Cell division was confined to the basal 5 mm of the leaf, since no mitotically active cells were detected beyond this region (data not shown).

With the displacement of cells away from the basal meristematic region, there was a gradient of increasing cell age toward the leaf tip (Fig. 1b). The final increase in age of cells between 80 and 90 mm was attributable to the time between imbibition and emergence of the shoot tissue from the seed (see ``Materials and Methods'').

The amount of soluble protein within transverse (5.0-mm) leaf sections decreased from the leaf base to the end of the elongation zone (20 mm from the leaf base) and then increased toward the leaf tip (Fig. 1c).
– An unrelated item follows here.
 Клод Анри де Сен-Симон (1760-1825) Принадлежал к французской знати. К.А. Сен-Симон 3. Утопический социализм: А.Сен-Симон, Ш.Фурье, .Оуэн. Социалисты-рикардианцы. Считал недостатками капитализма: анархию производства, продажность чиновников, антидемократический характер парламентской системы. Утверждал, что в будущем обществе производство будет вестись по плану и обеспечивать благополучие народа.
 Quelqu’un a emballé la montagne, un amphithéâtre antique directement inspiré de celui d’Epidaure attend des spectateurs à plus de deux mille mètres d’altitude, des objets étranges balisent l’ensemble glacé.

The soluble protein content per cell increased linearly from the leaf base to the tip, where it was 4-fold more concentrated (Fig. 1c).
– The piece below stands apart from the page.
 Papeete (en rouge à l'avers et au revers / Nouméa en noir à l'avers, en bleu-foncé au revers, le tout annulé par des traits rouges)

Photosynthetic activity, measured as CO2-dependent O2 evolution, increased along the length of the primary leaf (Fig. 1d). The transition between net O2 uptake and net O2 evolution occurred between 15.0 and 20.0 mm from the basal meristem when cells were approximately 13 h old. This coincided with the end of the zone of cell elongation (compare Fig. 1a).
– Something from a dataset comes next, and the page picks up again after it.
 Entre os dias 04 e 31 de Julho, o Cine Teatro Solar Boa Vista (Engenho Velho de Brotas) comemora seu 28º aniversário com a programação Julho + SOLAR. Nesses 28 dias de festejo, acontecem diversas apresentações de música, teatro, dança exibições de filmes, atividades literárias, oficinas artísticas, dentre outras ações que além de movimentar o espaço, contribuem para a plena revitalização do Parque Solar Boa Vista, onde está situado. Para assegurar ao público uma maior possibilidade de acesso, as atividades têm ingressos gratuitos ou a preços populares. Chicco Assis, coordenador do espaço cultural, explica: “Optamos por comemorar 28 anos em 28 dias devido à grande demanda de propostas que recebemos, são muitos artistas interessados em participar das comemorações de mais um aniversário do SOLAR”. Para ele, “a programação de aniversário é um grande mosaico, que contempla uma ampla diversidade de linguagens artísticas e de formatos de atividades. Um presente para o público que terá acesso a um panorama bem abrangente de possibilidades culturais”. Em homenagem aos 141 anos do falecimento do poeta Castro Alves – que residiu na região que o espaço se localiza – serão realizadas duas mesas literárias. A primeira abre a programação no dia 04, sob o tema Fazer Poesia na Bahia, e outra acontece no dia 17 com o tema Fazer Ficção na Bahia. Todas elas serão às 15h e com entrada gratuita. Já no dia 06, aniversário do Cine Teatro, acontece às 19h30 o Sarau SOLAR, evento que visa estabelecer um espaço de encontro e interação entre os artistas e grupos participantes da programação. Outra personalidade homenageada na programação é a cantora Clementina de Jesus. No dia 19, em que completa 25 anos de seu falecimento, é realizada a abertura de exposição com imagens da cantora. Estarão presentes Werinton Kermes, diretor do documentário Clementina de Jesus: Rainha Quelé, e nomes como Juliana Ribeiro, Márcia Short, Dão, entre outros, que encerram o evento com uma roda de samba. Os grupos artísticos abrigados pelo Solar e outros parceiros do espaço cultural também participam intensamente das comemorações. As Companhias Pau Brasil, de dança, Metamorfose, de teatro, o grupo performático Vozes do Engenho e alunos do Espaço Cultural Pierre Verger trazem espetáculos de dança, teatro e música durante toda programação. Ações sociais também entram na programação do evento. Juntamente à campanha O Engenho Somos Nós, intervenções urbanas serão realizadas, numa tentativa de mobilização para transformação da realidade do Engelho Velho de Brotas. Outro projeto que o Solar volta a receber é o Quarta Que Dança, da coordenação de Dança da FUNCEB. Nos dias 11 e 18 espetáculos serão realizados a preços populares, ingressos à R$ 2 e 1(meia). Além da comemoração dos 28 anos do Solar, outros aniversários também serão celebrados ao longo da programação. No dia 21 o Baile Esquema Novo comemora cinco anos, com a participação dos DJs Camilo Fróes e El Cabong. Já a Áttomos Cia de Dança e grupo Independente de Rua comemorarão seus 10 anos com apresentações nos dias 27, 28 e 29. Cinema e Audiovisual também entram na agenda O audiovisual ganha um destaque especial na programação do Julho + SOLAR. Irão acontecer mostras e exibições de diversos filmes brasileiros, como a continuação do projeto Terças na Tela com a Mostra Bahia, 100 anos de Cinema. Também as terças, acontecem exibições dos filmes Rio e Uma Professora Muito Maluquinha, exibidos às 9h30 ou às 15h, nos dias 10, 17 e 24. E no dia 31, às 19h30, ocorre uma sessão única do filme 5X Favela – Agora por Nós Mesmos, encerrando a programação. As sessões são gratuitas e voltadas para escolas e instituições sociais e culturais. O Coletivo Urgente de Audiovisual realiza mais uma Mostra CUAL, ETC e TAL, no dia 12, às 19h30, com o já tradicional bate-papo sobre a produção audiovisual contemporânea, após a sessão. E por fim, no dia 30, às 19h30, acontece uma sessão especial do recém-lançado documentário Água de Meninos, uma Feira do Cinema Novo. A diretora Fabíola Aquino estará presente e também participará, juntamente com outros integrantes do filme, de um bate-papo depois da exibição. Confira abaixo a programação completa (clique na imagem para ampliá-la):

In contrast to photosynthesis, the rate of "dark" respiratory O2 uptake per cell remained constant throughout the length of the primary leaf. When expressed relative to the amount of soluble leaf protein, respiration rates decreased to a minimum at the leaf tip (Fig. 1e). Inhibitor-titration experiments indicated that the rate of salicylhydroxamic acid-sensitive O2 uptake in the presence of KCN remained a constant proportion of the total rate of respiration, approximately 40% in all leaf sections (data not shown).

Analysis of Mitochondrial Proteins in Barley Primary Leaves

The patterns of development of the 21 different mitochondrial proteins and polypeptides analyzed in this study were one of three distinct types, which we called groups A, B, and C (shown in Figs. 2, 3, and 4, respectively). Note that in each case the data shown in the figures are the mean values of all of the individual proteins considered to be members of that group. To enable comparison between individual protein profiles and the group pattern, the mean values are represented by a dashed line in each panel of the figures.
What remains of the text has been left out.